Code Review: parseroptfinal

tfpt review “/shelveset:parseroptfinal;REDMOND\tomat”

Improves Ruby tokenizer and parser performance by 30% total (previously
3 MBps, now 4.2 MBps - measured on real code of libraries we have
checked in and including Ruby AST building, but not transformation to
DLR ASTs).

Adds /bm option to tokenizer test driver that measures parsing speed
(IronRuby.Tests.exe /tokenizer /bm).
Adds more tokenization unit tests and fixes several minor bugs in
tokenizer.

AST, Parser.cs, parser.y:

  •   Replaces List<Expression> by a new class Statements where the 
    

list represents statements. This encapsulation us to change underlying
representation w/o affecting code using the statements. Also refactors
the rules for statement list so that we can use an empty statements
singleton.

  •   Replaces List<Expression> by Expression[] where it represents 
    

arguments. Arguments are the most frequent list of expression so it make
sense to optimize it. Previously any list of arguments was constructed
starting from an empty List and adding arguments as parser
reduced them. This is quite inefficient since most method calls have
very few arguments (0 to 3). The parser now has a stack of Expression to
which it pushes arguments as they are reduced. Each rule that defines
argument list counts the number of arguments in the list in token value
that is propagated throughout the list reduction.
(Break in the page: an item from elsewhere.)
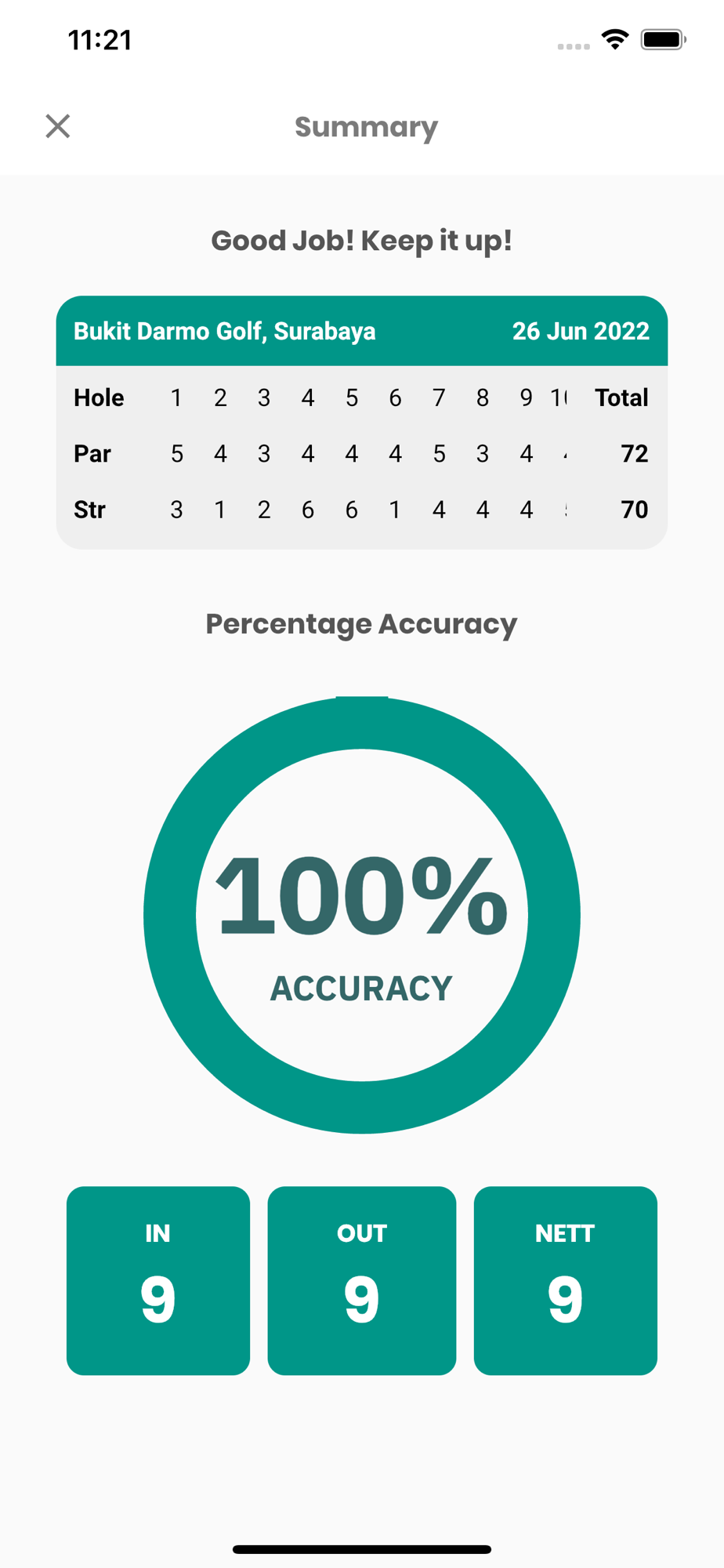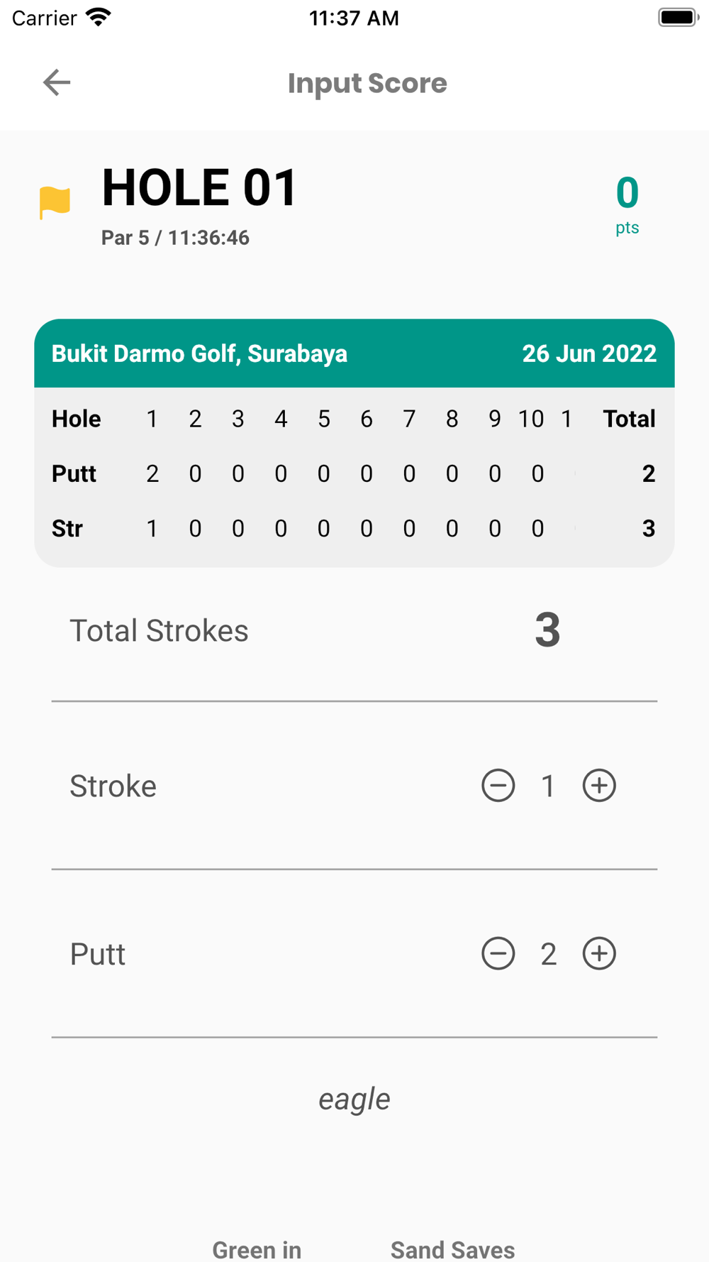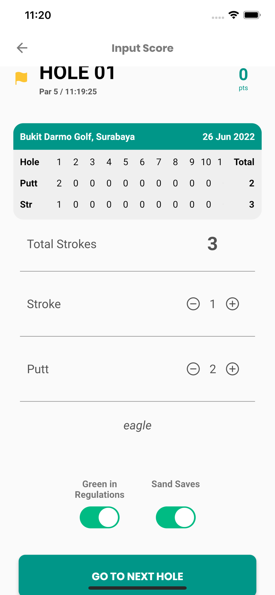 - Record strokes, puts, and penalties, with greens in regulation and sand saves. Input the score and shot details per hole.

The rule that consumes
the argument list then simply pops the right amount of arguments out of
it and copies it to an exactly sized array. This might be further
optimized if necessary - we can specialize Argument node for 0 to 3
arguments, or just remember a reference to the arguments stack and index
to the array.
We can use this approach for other lists as well (maybe for statemens,
string concatenations, etc.) in future.

  •   Provides dummy implementations for features that are not 
    

implemented yet: defined?(super), BEGIN, END. This avoids throwing not
impl. exceptions so that we can measure performance of AST
transformations over entire library code base.

GPPG:

  •   Removes Parser <: ShiftReduceParser inheritance. It was meant to 
    

enable sharing of generic GPPG parser driver and derive specific parsers
but since we don’t share the class it makes no sense. Still GPPG.cs is
mostly Ruby independent piece of code that could be easily copied by
other languages.

  •   Merges 3 stacks (state, value and location) into a single data 
    

structure reducing cost of push and pop.

  •   Improves reduction of empty rules, removes unnecessary array 
    

lookups on hot path (these changes require some adjustments in GPPG
generator).

TokenValue:

  •   Reduces size of the structure by using an explicit layout 
    

definition. This reduces amount of data moved around during reductions.

  •   It might be possible in future to get rid of the obj2 field 
    

(it’s used only by argument rules).

Tokenizer:

  •   Removes a direct dependency on the parser - we only need a 
    

resolver for local variables. Introduces ILexicalVariableResolver
(implemented by Parser) that provides such information. This allows
tests to run tokenizer with mocked parser.

  •   Replaces nextc(), peekc() and pushback() methods by Read, Peek, 
    

Back, SeekRelative, which don’t implicitly normalize end of lines. This
allows us to drop yytext StringBuilder used to track normalized eolns.
It was the culprit of very bad performance. Basically entire tokenized
source code got eventually loaded into this StringBuilder one character
in time :-/. The tokenizer now needs to deal with eoln normalization
explicitly, which required a lot of small tweaks.

  •   Reimplements line buffer loading - previous implementation was 
    

allocating 2 char[] per line, which is of course terrible waste. The
buffer is now shared for all lines of code except for heredoc that needs
to be handled in a special way.

  •   The tokenizer is now finally in a good shape, although there are 
    

more small improvements that could be done.

Tomas

Looks good!